• **Problem details**:
Data follows below. Repeat exactly the lines between the line holding "党委书记、董事长张海平向大家" and the line holding "網紅名媛優雅減齡收腰蓬蓬a字連衣裙女秋冬裝2018新款花色公主裙", inclusive, and nothing more; drop pictures.

• **Recorded information**:
*-*-*
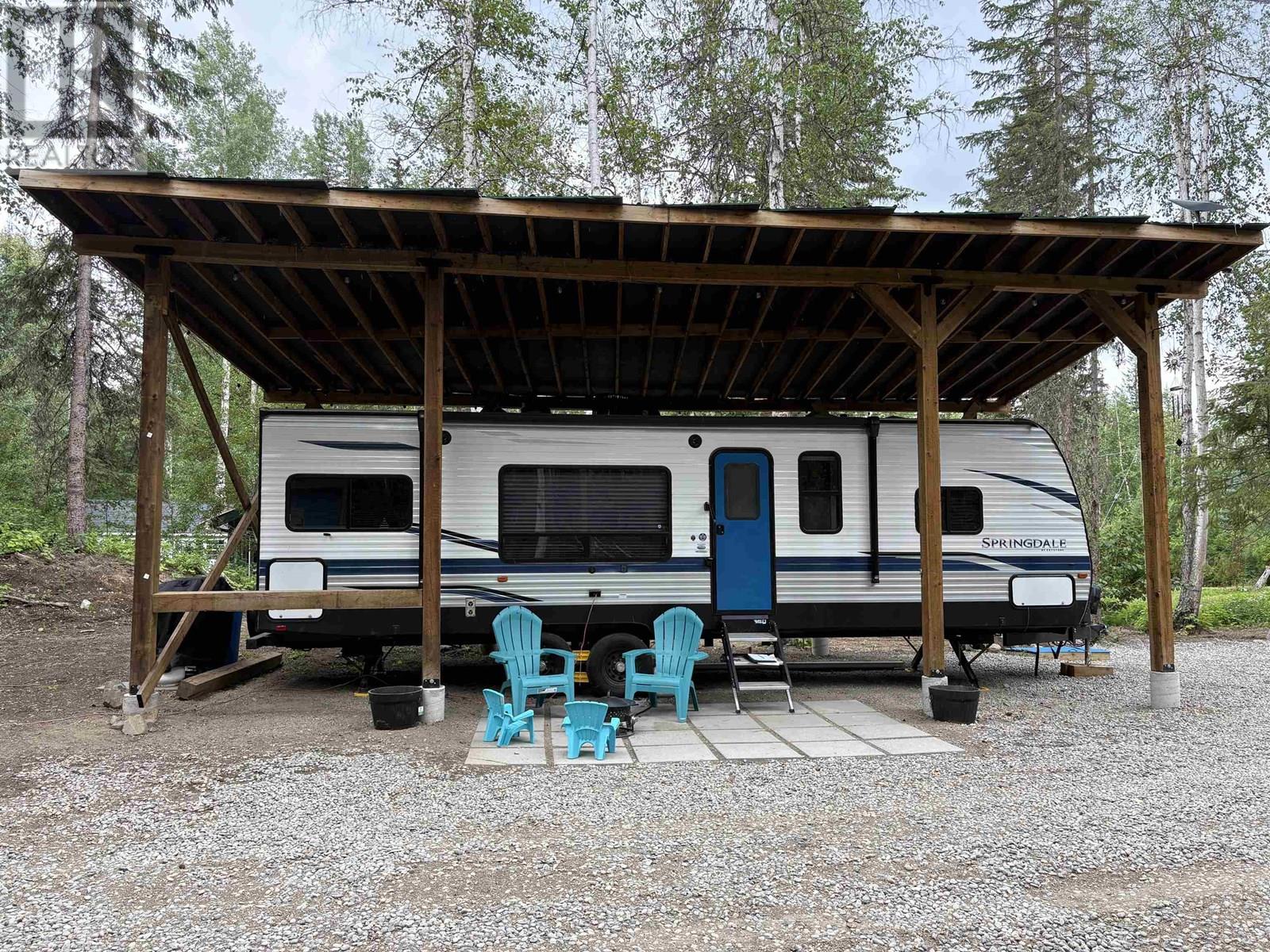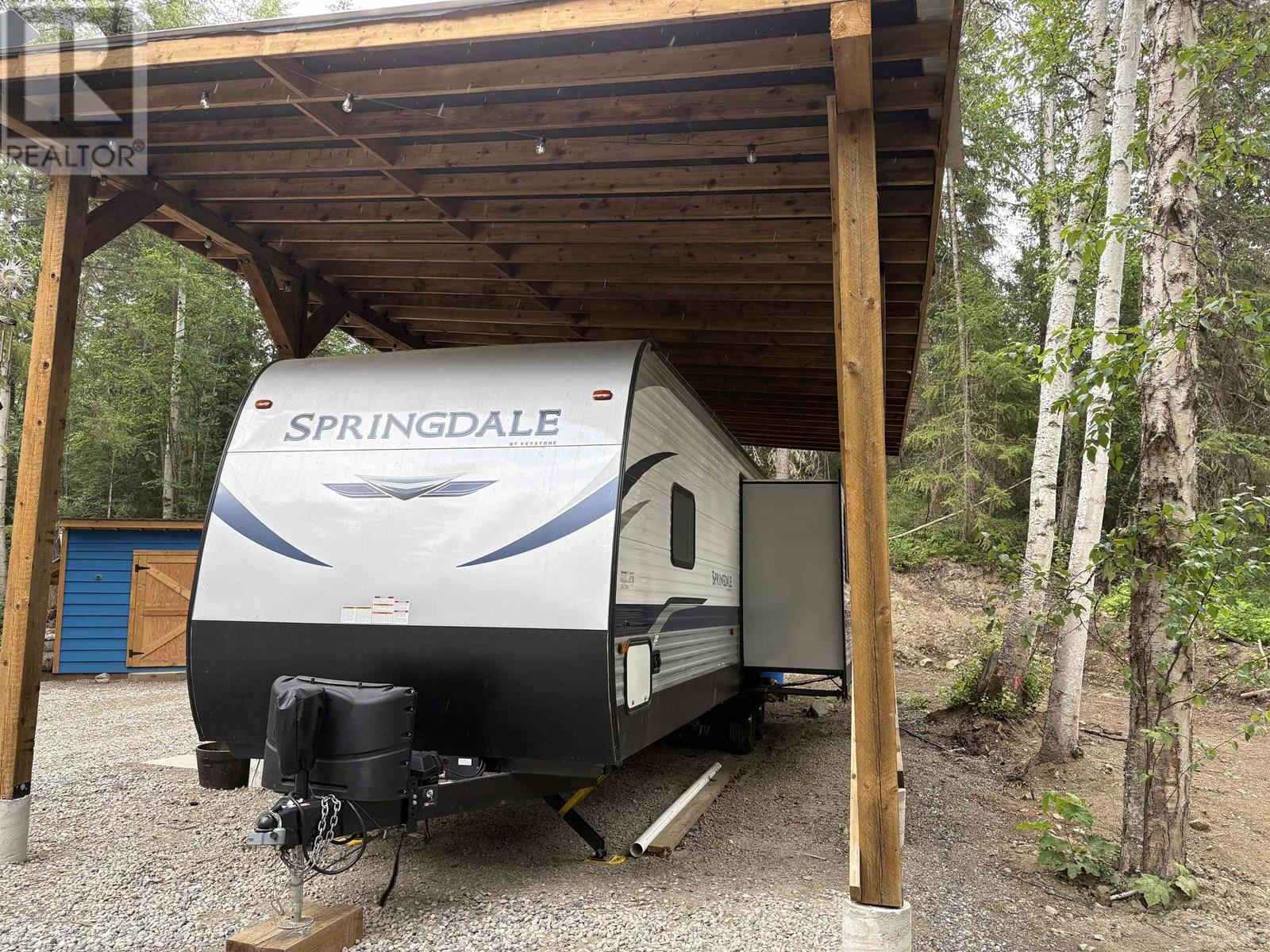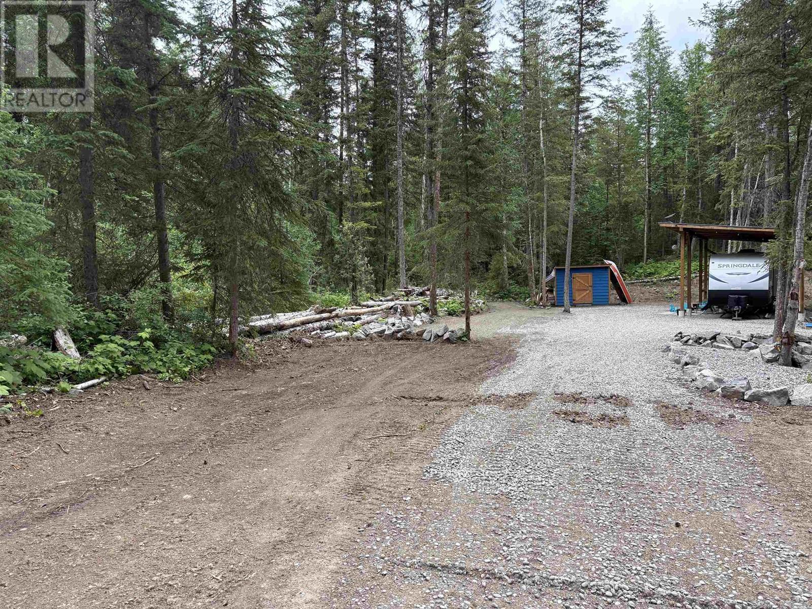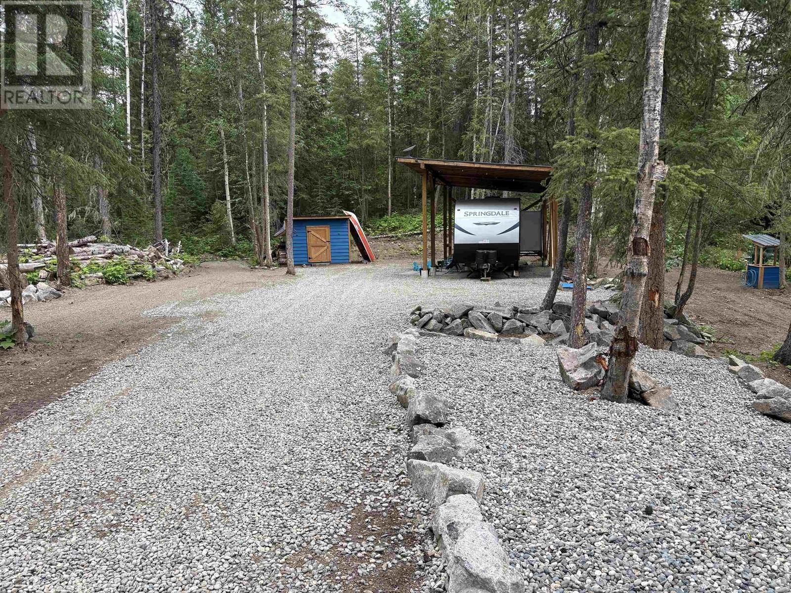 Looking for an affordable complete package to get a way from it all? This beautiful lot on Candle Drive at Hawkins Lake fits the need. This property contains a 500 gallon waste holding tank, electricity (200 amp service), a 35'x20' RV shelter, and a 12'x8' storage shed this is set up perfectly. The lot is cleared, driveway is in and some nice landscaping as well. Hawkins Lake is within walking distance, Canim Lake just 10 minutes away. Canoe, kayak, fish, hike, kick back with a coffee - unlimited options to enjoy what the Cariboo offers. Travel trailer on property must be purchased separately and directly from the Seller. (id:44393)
*-*-*
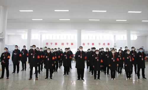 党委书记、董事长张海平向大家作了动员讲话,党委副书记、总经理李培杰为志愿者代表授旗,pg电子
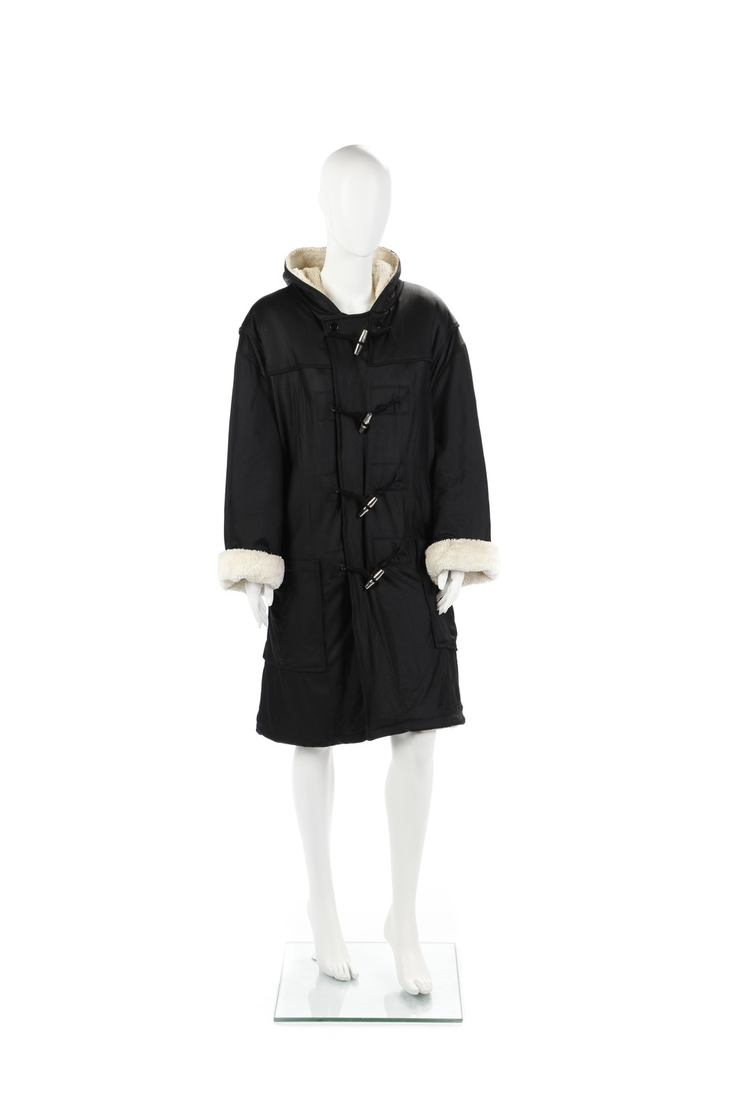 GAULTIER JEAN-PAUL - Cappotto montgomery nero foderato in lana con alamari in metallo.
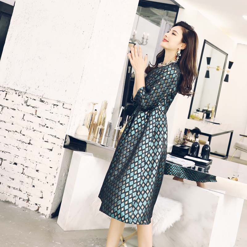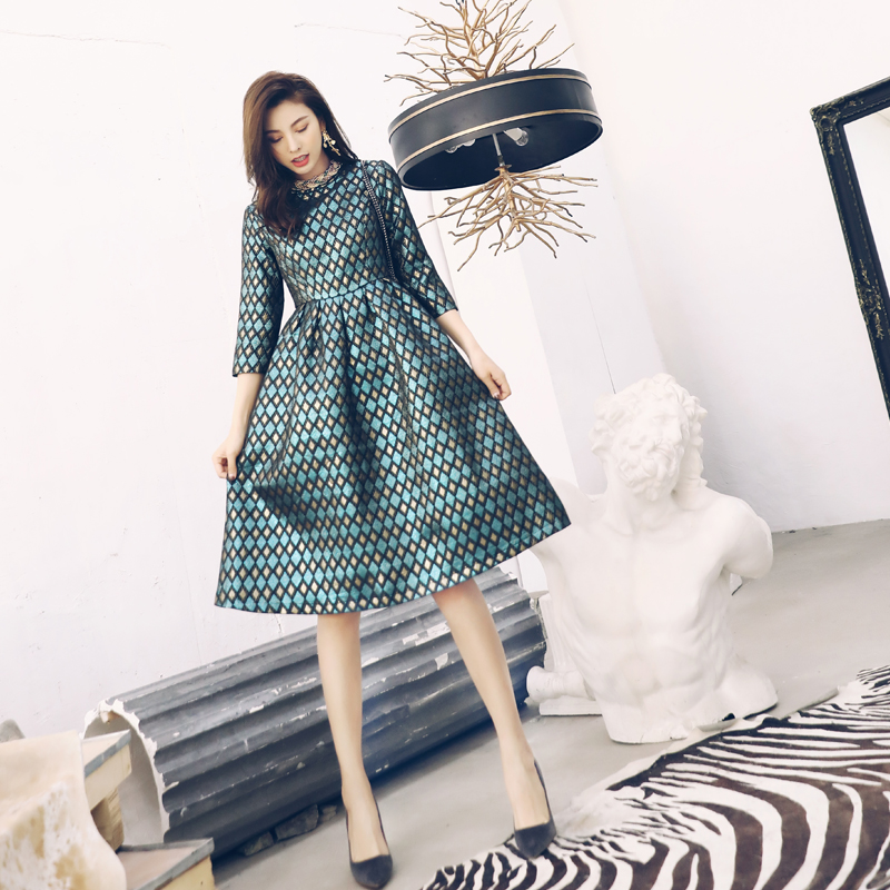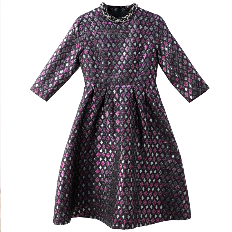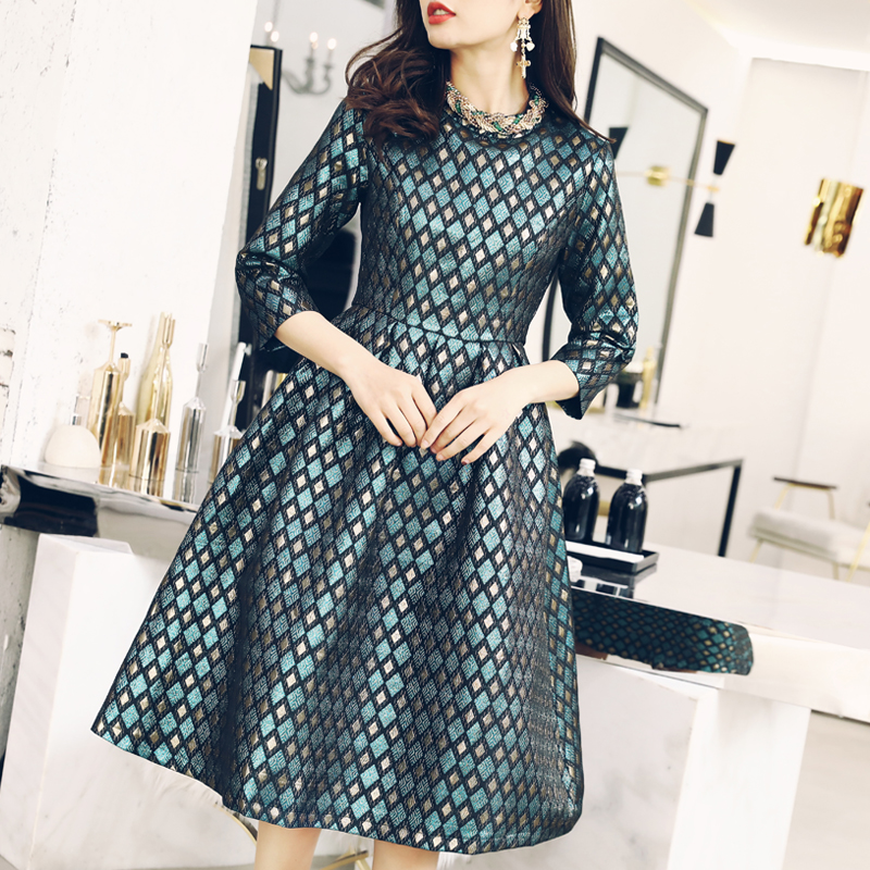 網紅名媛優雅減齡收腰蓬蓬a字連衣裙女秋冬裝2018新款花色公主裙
*-*-*
• **Solution for this task**:
 党委书记、董事长张海平向大家作了动员讲话,党委副书记、总经理李培杰为志愿者代表授旗,pg电子
 GAULTIER JEAN-PAUL - Cappotto montgomery nero foderato in lana con alamari in metallo.
 網紅名媛優雅減齡收腰蓬蓬a字連衣裙女秋冬裝2018新款花色公主裙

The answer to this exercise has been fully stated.